In what it deemed an “inspiring trend” for Cambodia’s labour relations, the Arbitration Council reported that the number of cases it registered involving strike action – as well as the total number of cases themselves – declined in the first half of this year.
According to the independent labour dispute mediator’s latest newsletter, while over a quarter of the 174 cases received during the first six months of 2014 involved strike action, only 16 per cent of the 162 cases received for the same time this year did.
“This presents an inspiring trend as more cases followed the national dispute resolution procedure than an escalation in strike action,” it read.
Men Nimmith, acting executive director of the Arbitration Council Foundation, said the change was likely due to the end of garment worker strikes in early 2014.
“I think perhaps it’s [because] it’s after the political situation in 2014, when we had a lot of political issues and the demonstrations that turned violent,” he said.

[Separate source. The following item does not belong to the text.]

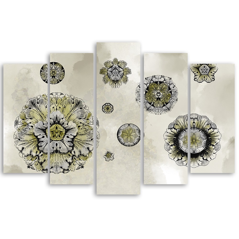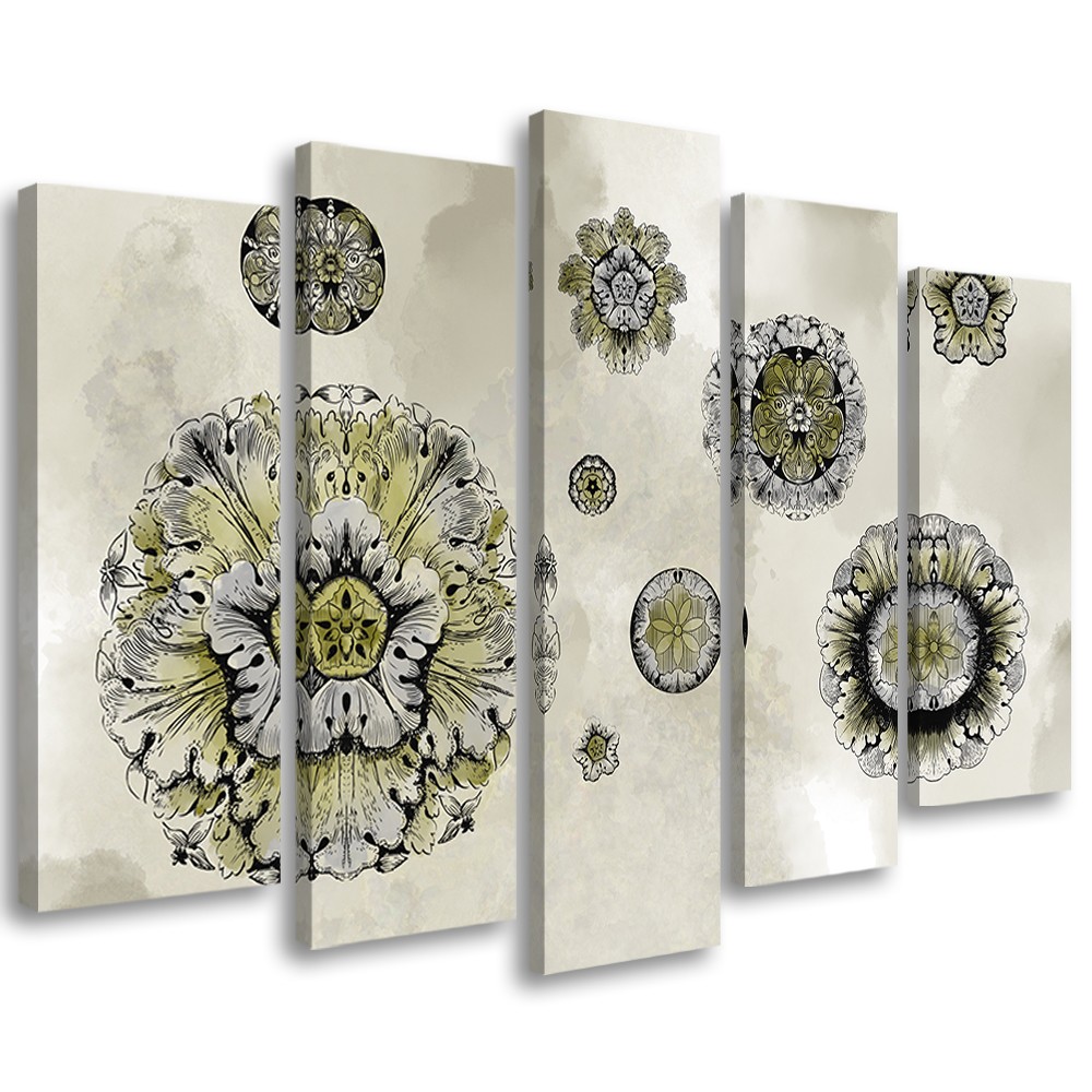 Leinwandbild 5 teilig, Florale geometrische Formen

Nimmith added that the increase in the minimum wage to $128, which went into effect in early 2015, also had a “cool-down” effect on workers and unions.
But Ath Thorn, president of the Coalition of Cambodian Apparel Workers’ Democratic Union, said that strikes were down this year partly because union leaders are “busy with the trade union law and the minimum wage”, two issues slated to be settled by the government towards the end of the year.
Ken Loo, secretary-general of the Garment Manufacturers Association of Cambodia, also said he had not observed a significant improvement in labour relations so far, adding that “strikes that do not follow [legal] procedures” routinely disrupted the industry.